[REQUIRED WORK]
Exclude all pictures from your copy of the data below, which should otherwise match exactly.
*** STORED DATA Section Begins ***
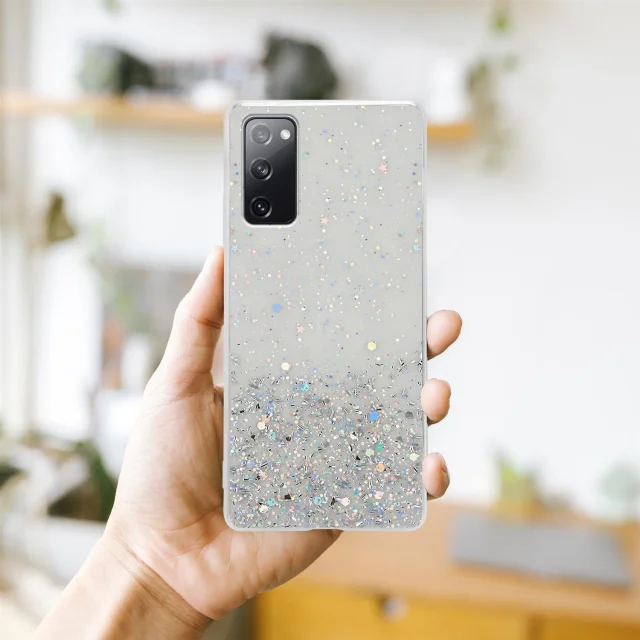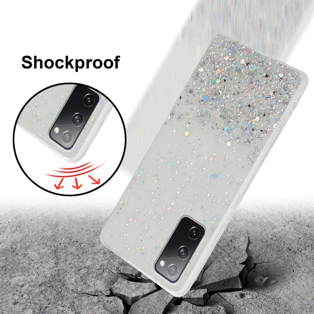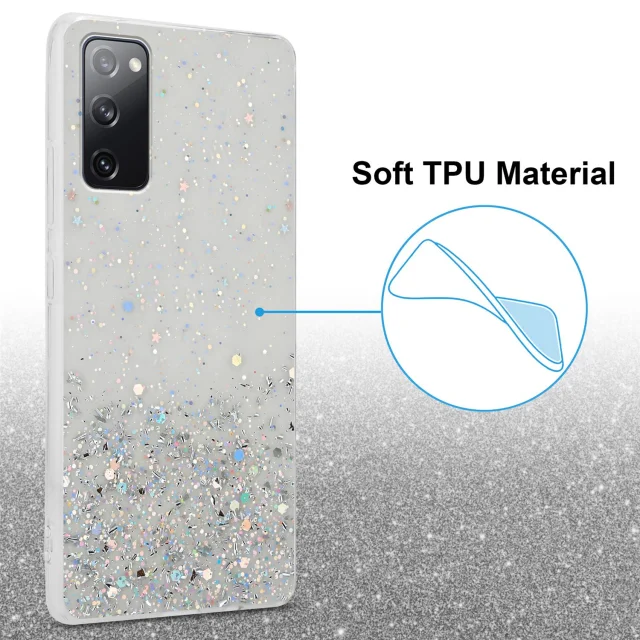 Cadorabo Case, združljiv s Samsungom v prozornem z bleščicami - zaščitnim pokrovom, narejen iz fleksibilnega silikona TPU s penečimi bleščicami
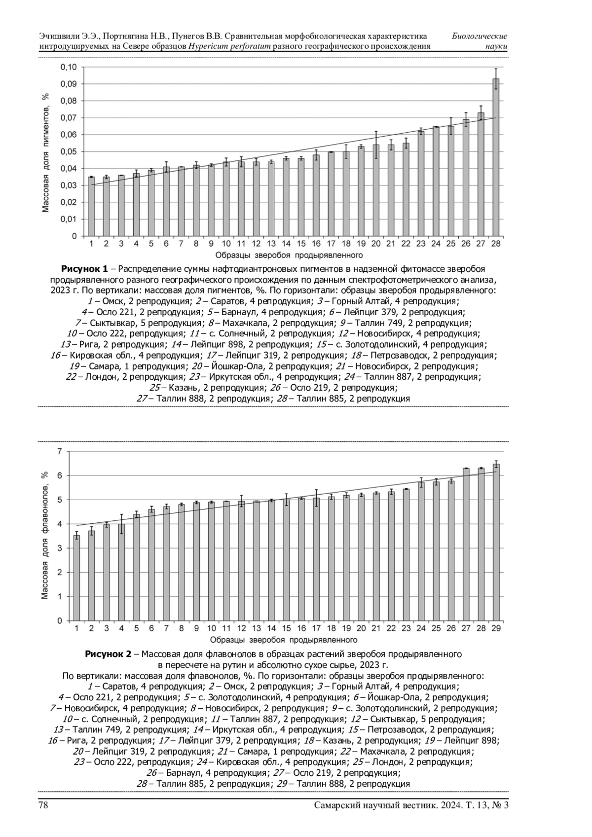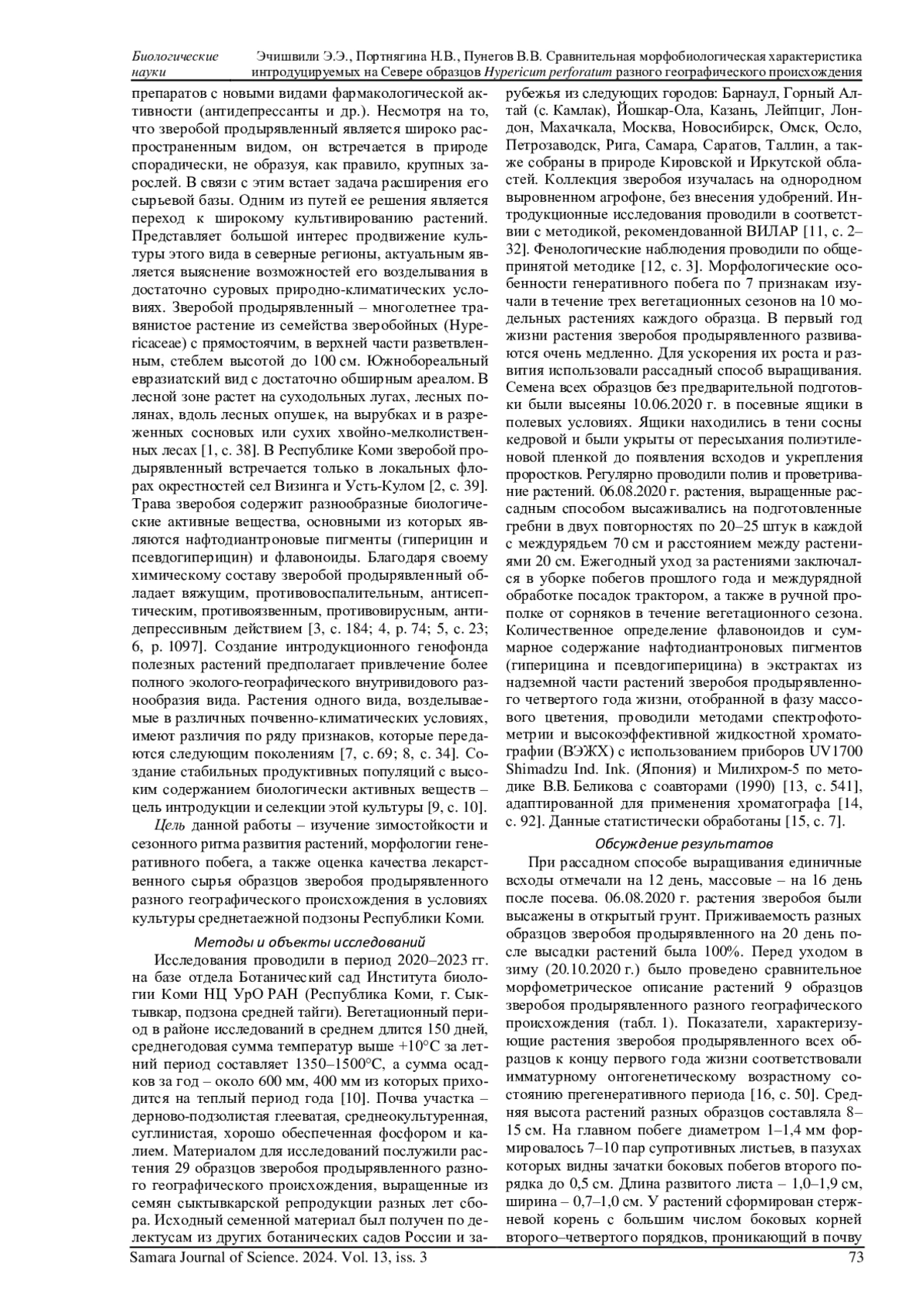 ЭЧИШВИЛИ Э. Э., ПОРТНЯГИНА Н. В., ПУНЕГОВ В. В. СРАВНИТЕЛЬНАЯ МОРФОБИОЛОГИЧЕСКАЯ ХАРАКТЕРИСТИКА ИНТРОДУЦИРУЕМЫХ НА СЕВЕРЕ ОБРАЗЦОВ HYPERICUM PERFORATUM РАЗНОГО ГЕОГРАФИЧЕСКОГО ПРОИСХОЖДЕНИЯ // САМАРСКИЙ НАУЧНЫЙ ВЕСТНИК. 2024. ТОМ 13, № 3
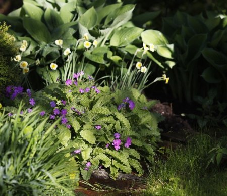 Нарциссы любят свет, в отличие от широколистных растений. Поэтому трудновато подобрать им партнеров. Я все же сажаю в тени, за хостами, и цветут они чуть хуже, чем могли бы.
*** STORED DATA Section Ends ***
[TASK RESPONSE]
 Cadorabo Case, združljiv s Samsungom v prozornem z bleščicami - zaščitnim pokrovom, narejen iz fleksibilnega silikona TPU s penečimi bleščicami
 ЭЧИШВИЛИ Э. Э., ПОРТНЯГИНА Н. В., ПУНЕГОВ В. В. СРАВНИТЕЛЬНАЯ МОРФОБИОЛОГИЧЕСКАЯ ХАРАКТЕРИСТИКА ИНТРОДУЦИРУЕМЫХ НА СЕВЕРЕ ОБРАЗЦОВ HYPERICUM PERFORATUM РАЗНОГО ГЕОГРАФИЧЕСКОГО ПРОИСХОЖДЕНИЯ // САМАРСКИЙ НАУЧНЫЙ ВЕСТНИК. 2024. ТОМ 13, № 3
 Нарциссы любят свет, в отличие от широколистных растений. Поэтому трудновато подобрать им партнеров. Я все же сажаю в тени, за хостами, и цветут они чуть хуже, чем могли бы.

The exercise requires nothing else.